After a few more lines, I realised I was now fully immersed in the slow concentration needed. I was really enjoying myself and so I was quick to volunteer to try out some of the metallic inks Gemma had brought along.
They come in a Metallic Gold Ink palette handmade in Germany by Finetec and are, according to Gemma, by far the best of the metallic inks available.
(You can buy them from Gemma’s etsy shop – including her own customised beautiful Rose Gold palette). These inks are made of mica, a natural mineral that offers a wide variety of metallic shades. The inks adhere to nearly all surfaces, from paper, card and vellum to sea shells, wood and glass.

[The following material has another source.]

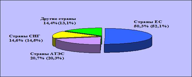 Страны дальнего зарубежья являются главными партнерами России. В 2009 году их доля в товарообороте составила 85,4%, в том числе в экспорте – 84,5%, в импорте – 87,0 процента. Стоимостные объемы российского экспорта и импорта с этими странами в 2009 году по сравнению с 2008 годом снизились на 35,9% и 36,8% соответственно. Сальдо торгового баланса осталось положительным - 109,3 млрд. долларов США, но уменьшилось на 34,7 процента.

Gemma showed us the technique to using them. First, you add a few drops of water to your chosen colour block and mix with a paint brush. Wait a moment or two for the water to activate the ink. Then use the brush to load up the end of your nib with the ink. Tip the nib the right way up and let any excess drip away before you start.
Silvery gold ink
I chose a silvery gold colour called Gold Pearl and had a go at writing ‘Snow’ using the guide sheets. It’s not an exaggeration to say that I totally fell in love with this beautiful shimmery ink. The word ‘Snow’ actually worked on my practice paper. So I decided to be brave and have a go at creating it on one of my gift tags. It worked really well! And I loved the way the silvery gold contrasts with the dark blue paper.
Practice makes perfect
The morning had flown by and it was soon time to pack up our boxes. Gemma wrote out individual sheets of Christmassy words for each of us to take away. This was a great idea as it means I have all the words I want for my Christmas tags and cards ready to copy. It would take practice to work out how to join the letters together from scratch.
I am now totally and utterly hooked on contemporary calligraphy and keen to practice and improve. The goal is to learn how different letters join together to form words. Without having to look it up each time or to trace it out first with pencil.
For now, I’m just delighted with my new-found skill. I am planning to create all my gift tags and shimmery hand-inked Christmas cards this week, so I’ll add the images here – if they turn out okay!